As PPPs, OSs, OSCIPs, implantadas na saúde em todo país, não só não reparam danos como ampliam os danos pois reduzem a transparência na gestão dos recursos, sendo alvo de fraudes, superfaturamentos, escândalos, além de aumentar os custos, a taxa de permanência e aumentar a mortalidade onde é aplicado. Isso já foi demonstrado nos mais diversos estudos científicos, econômicos e epidemiológicos por diversos sanitaristas na área. Pagar R$1,2 milhões para uma empresa cuja finalidade declarada é o investimento no setor privado para fazer consultoria, estudos de viabilidade técnica e financeira sobre licitação de PPP na FUNED, é basicamente pagar milhões para uma empresa sem nenhuma imparcialidade para “me provar” que o que eles querem é o que precisa ser feito. Isso além de ser antiético fere princípios da administração pública. Uma instituição para receber esse aporte público milionário deveria participar de um processo de escolha em que as concorrentes tenham que garantir, no mínimo, imparcialidade e que não tenham interesse no resultado do estudo, o que claramente seria impossível para a IFC e para o Banco Mundial, pois seria negar sua própria existência.

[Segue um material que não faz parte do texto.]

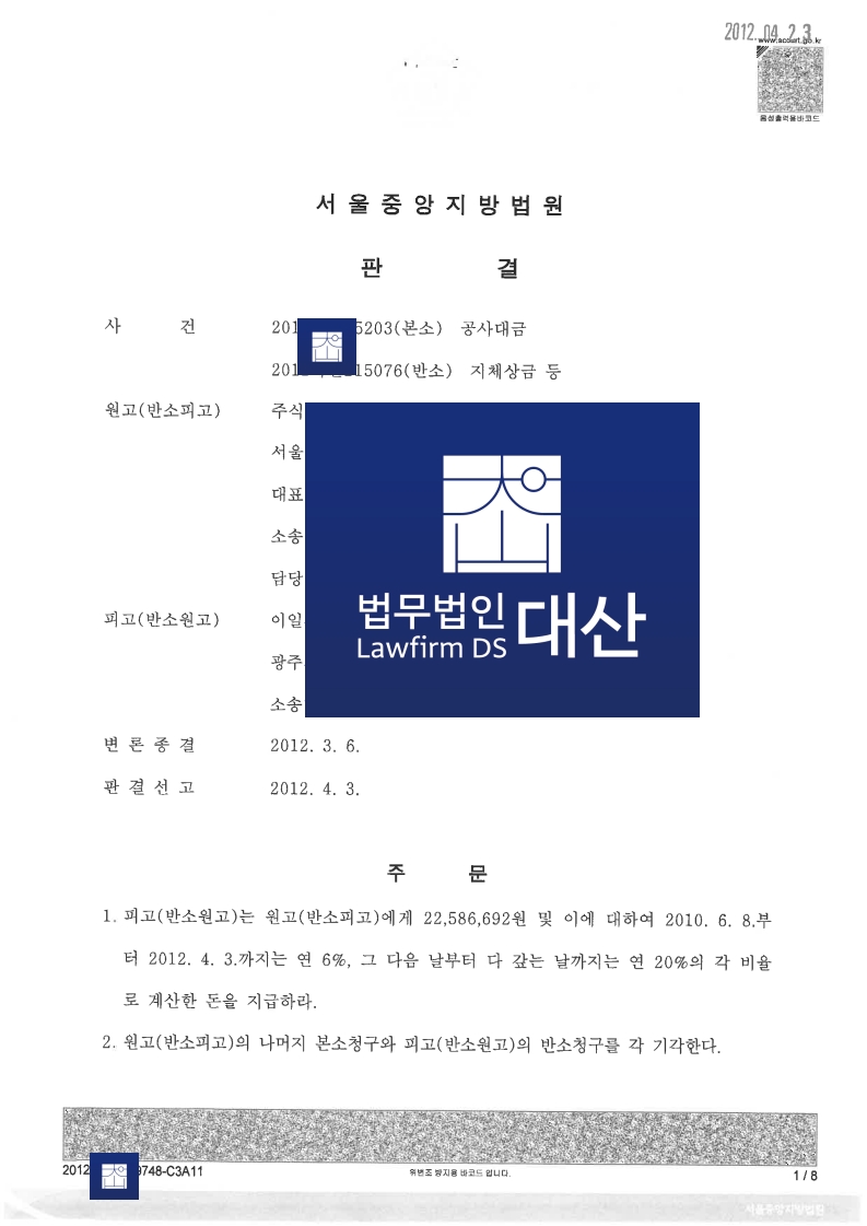 피고(반소원고)는 원고(반소피고)에게 22,586,692원 및 이에 대하여 2010.6.8.부터 2012.4.3.까지는 연 6%, 그 다음 날부터 다 갚는 날까지는 연 20%의 각 비율로 계산한 돈을 지급하라.
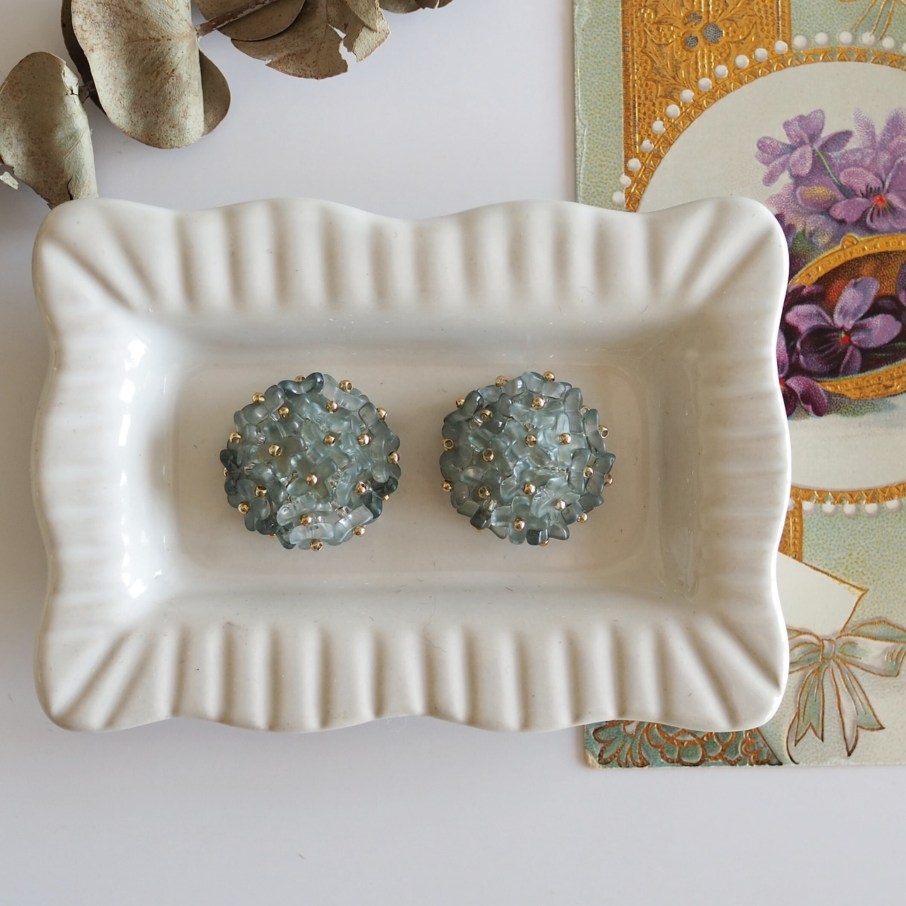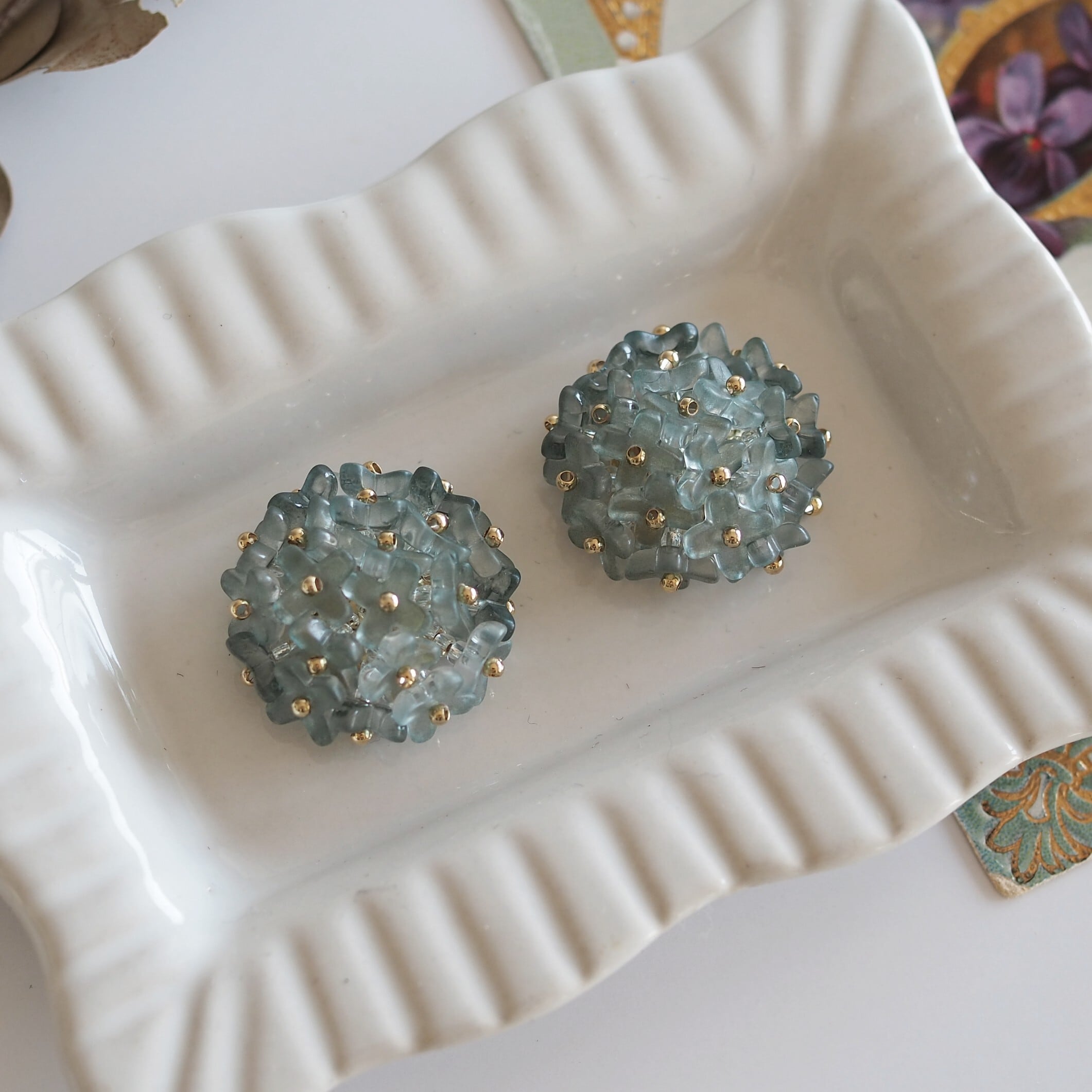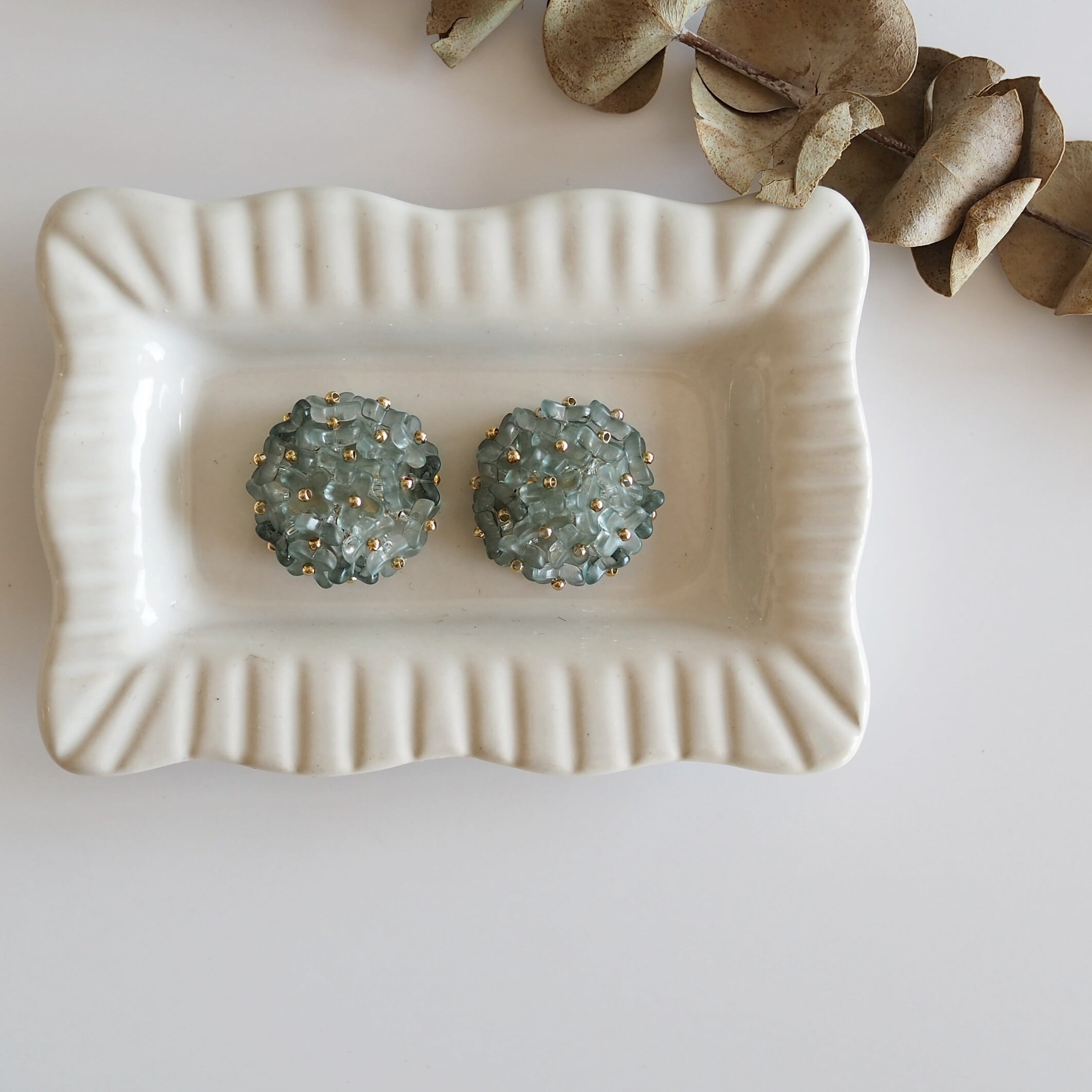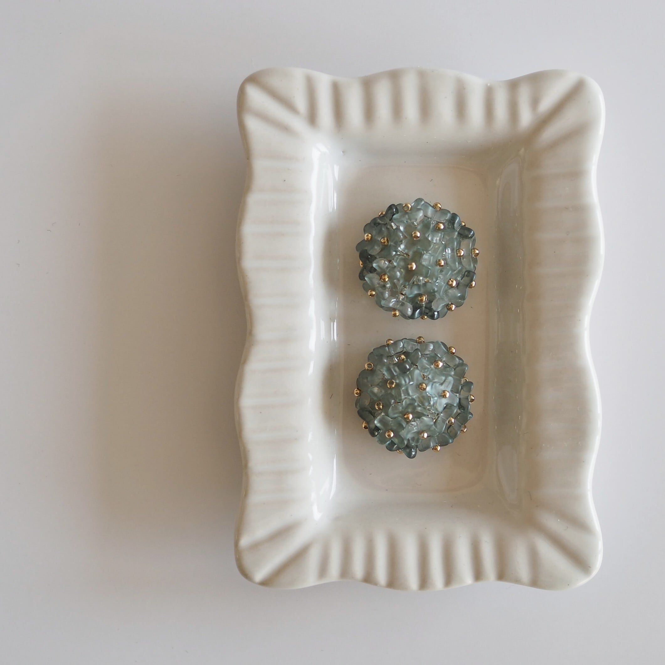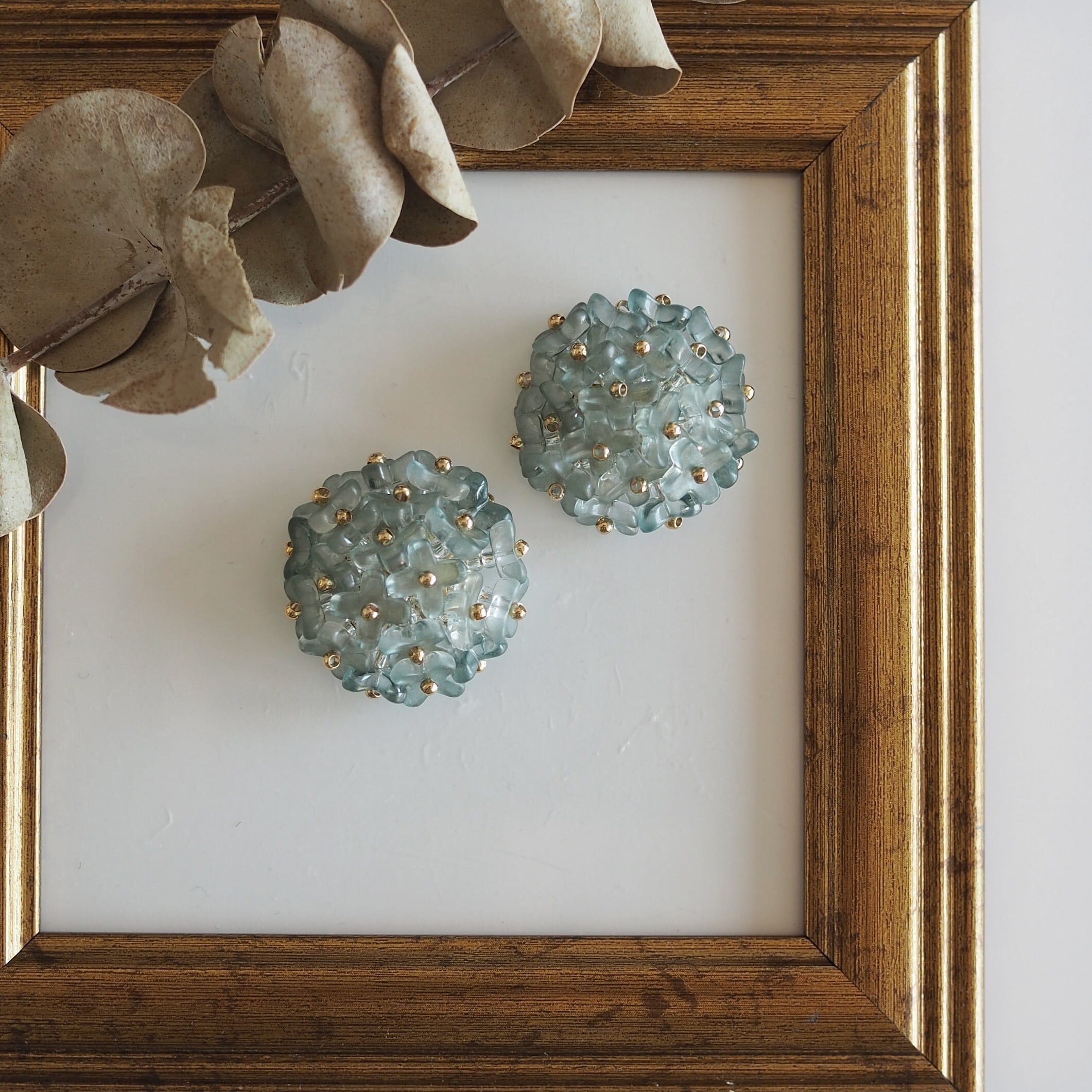 ブルーグリーンのガラスのお花ビーズを使用し、その瑞々しさを表現しました
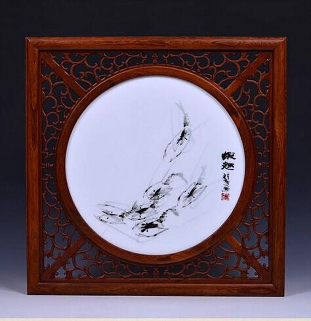 陈新寿老师对虾情有独钟,反复揣摩,大胆创新。有极深研究,将虾的眼、身、尾等都刻画细腻,立意准确,丰富了虾的造型、动态、线条,使虾的形象更为生动传神。画面用笔顿挫,色泽浓淡、稀疏呼应,精妙之至。瓷板上游玩群虾极为引人注目,群虾舞动的神韵、动感及美感都自然表现出来。画面立体感强烈,显现出虾的生动威武,千姿多态,造型优美,神韵活现,干练经典,形神兼具。
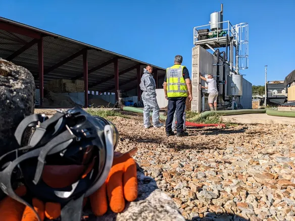 « Nous avons un déversement sur site de la matière, principalement de la déjection animale, qui sert à produire le gaz à l'extérieur du contenant. Il n'y a pas de pollution extérieure au site, indique le capitaine Arnaud Molle, chef de colonne. Nous avons, en parallèle, une production de gaz dans l'air, particulièrement de soufre. Nous nous sommes fixés l'objectif de pomper l'excès de produit qui se déverse, en gérant le risque gaz, sachant que c'est un gaz toxique et explosif. Actuellement, il est contenu sur le site, il n'y a pas d'impact sur l'extérieur. L'exploitant nous donne un coup de main avec ses outils à disposition. »
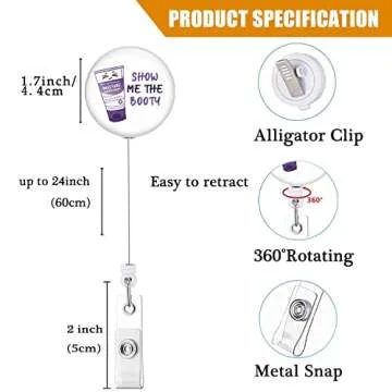 Show moreIntroducing the Badge Reel Retractable with Alligator Clip, a must-have accessory for nurses, medical professionals, students, and anyone who needs to carry ID badges with style and convenience. With a diameter of 1.25 inches (3.2cm) and a retractable extension of 24 inches (60cm), this badge holder offers the perfect combination of functionality and aesthetic appeal. The durable alligator clip ensures that your ID badge stays securely in place, allowing you to navigate through busy environments without worrying about losing your important identification.
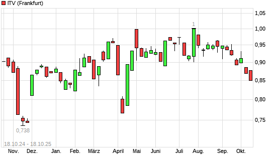 Die  ITV-Aktie befindet sich seit dem 03.10.2025 im langfristigen Abwärtstrend und hat in diesem Zeitraum -6,86% an Wert verloren. Der Abstand zur 200-Tage-Linie beträgt aktuell -6,89%.

O paradoxo é que quem impôs a agenda de privatização da Vale do Rio Doce, que colocou o lucro acima da vida e como consequência exterminou centenas de pessoas, foi justamente o Banco Mundial, que agora vai receber dinheiro da indenização dos crimes que gerou com sua própria agenda para implantar ainda mais privatização e mortalidade.

   

 

O QUE FAZER?

Por essas três questões centrais que os trabalhadores da Funed devem estar atentos e se mobilizar para enfrentar esses debates e deliberações que estão diariamente sendo impostas pelo governo Zema, e que não convergem em nada com o SUS, com os interesses da soberania nacional e muito menos com o futuro estratégico da Funed, que inclusive se tivesse acesso aos seus superávits bilionários dos últimos anos, não precisaria de nenhum financiamento externo e dinheiro sujo de lama e sangue para se reestruturar.
A Funed tem orçamento, tem pessoal, e tem capacidade para se reformar e se ampliar, o que precisamos é autonomia política, administrativa e financeira para decidir nosso futuro alinhado com os princípios do SUS, política que, essa sim, devemos estar submetidos, e não aos interesses internacionais de ampliação dos lucros do setor privado na saúde.